The so-called civic associations that are also lavishly funded by Soros are, of course, also “independent” and, needless to say, depositories of “expertise”. They also indulge in calling themselves and each other “impartial”. They will enthusiastically line up any time and for any purpose set out for them by the Soros Empire. Soros’ power and unprecedented influence stem from this ever-present network of auxiliary forces transcending borders. He moves them in an organised and co-ordinated way. Sometimes he does so in accordance with US foreign political interests, while at other times against them. Sometimes he serves those interests, but every so often he also proceeds, hoping for good profit, in the framework of temporary agreements with local leaders. He is a businessman after all – or to be more precise, a speculator who makes money and accumulates treasure by ruining other people.
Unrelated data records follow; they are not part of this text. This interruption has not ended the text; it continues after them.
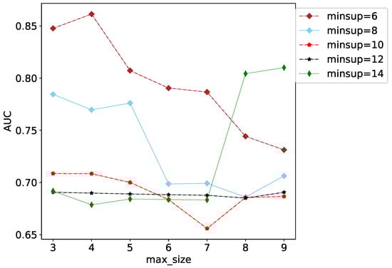 The effect of min_sup and max_size on AUC (when the training set ratio is 10%).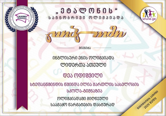 ინგლისური ენის ოლიმპიადაშივე, შესაბამისი კლასის გამარჯვებულთა შორის, საპატიო ადგილს იკავებს მე-8 კლასელი დეა ოდიშვილი.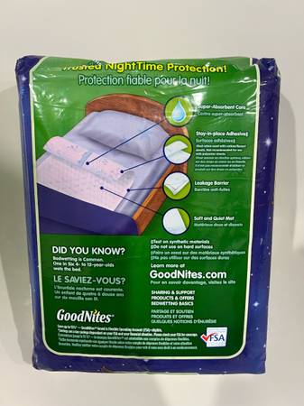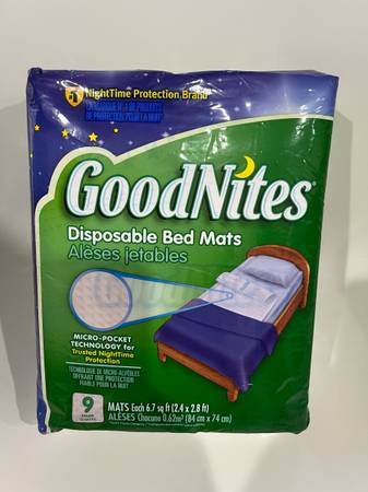 🛏️ PK/9 GoodNites Bed Mats – 30” x 36” • Condition: Brand new • Size: 30” x 36” • Perfect for nighttime protection Local pickup (Foster City). Cash or Venmo accepted.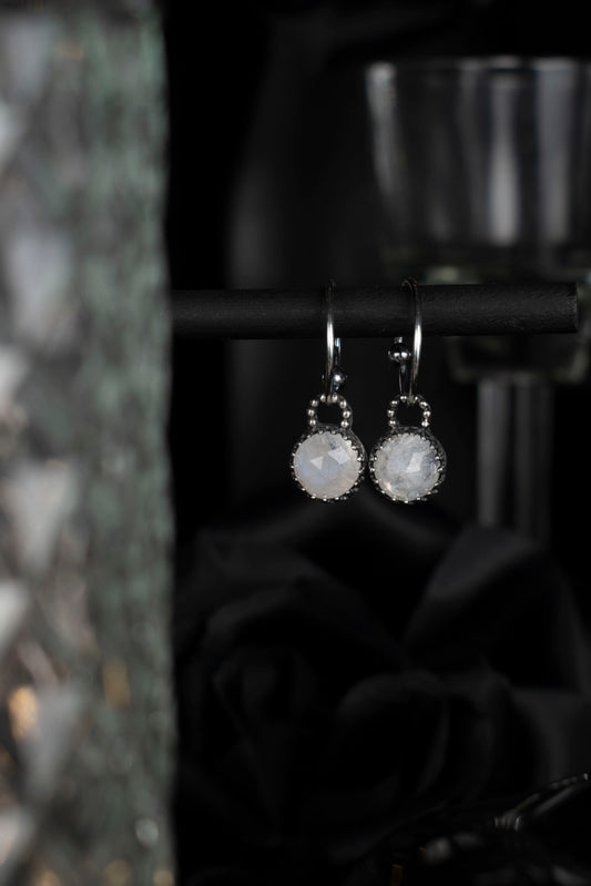 EKRJ979 Hares & Moonstone One-of-a-kind Handmade Silver Hoop Earrings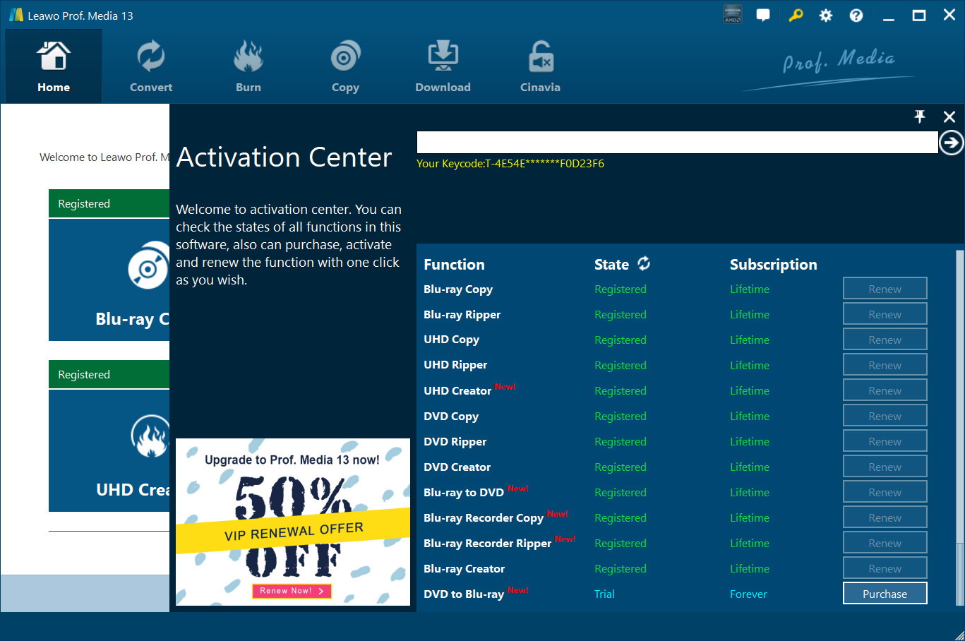 購買後,您將獲得註冊碼進行註冊 Leawo UHD轉檔器。註冊產品後,即可立即不受任何限制地使用該產品。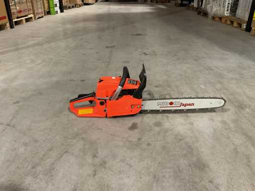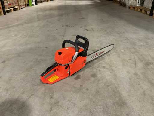 Wyposażony w 1x piła łańcuchowa; 1x Osłona ochronna brzeszczotu; 1x Miska do mieszania; Zbiornik paliwa : 550 ml; Zbiornik oleju: 260 ml; Pojemność silnika: 52 cm³; Prędkość maksymalna: 10 000 obr./min; Moc : 2,9 kW / 3,9 km; Prędkość bez obciążenia: 2800-3200 obr./min; Długość brzeszczotu : 52 cm; Nieużywany w pudełku

The Soviet Empire transformed into a Soros Empire

We don’t often get a glimpse into the great background games being waged by superpowers, regional power centres and their local sponsors, but with time we can put the mosaics together. Basically, it is always the same: new zones of influence being taken over or old ones being preserved. This is how it happened in the power and influence vacuum the Soviet empire left behind when it crumbled. With hindsight, we can confidently say that the takeover of zones of influence was accomplished by the early 1990s relatively smoothly and with moderate amounts of blood being shed.

The 80s brought about significant changes in the balance of power between the two superpowers of the bipolar world. Ronald Reagan put through a new foreign policy doctrine. Shedding the defensive strategy of containment, which had for decades determined the attitudes of the United States towards expansive attempts by the Soviet Union, he opted for a policy of rolling back Soviet power and overthrowing communism. The presence of Solidarity in Poland and the undeniable American support it was enjoying, the American efforts to arm the mujahideen in Afghanistan as well as Deng Xiao Ping’s policy of opening, which was meant to propel China to world power status, created new conditions and new challenges for the Soviet bloc and therefore for Hungary as well. By that time, the Hungarian party leadership had been filled with technocrats and this new kind of bureaucracy raised the idea in Moscow to launch a pilot project aimed at probing to what extent socialism could be reformed. As a first step, Hungary was allowed to join the World Bank and the IMF in 1982, while in 1984 the idea to dilute ideological homogeneity was also put on the agenda. In close cooperation with the highest ranks of the party, George Soros’ freshly created foundation was allowed to launch its operations in Hungary. I happened to be one of their grantees.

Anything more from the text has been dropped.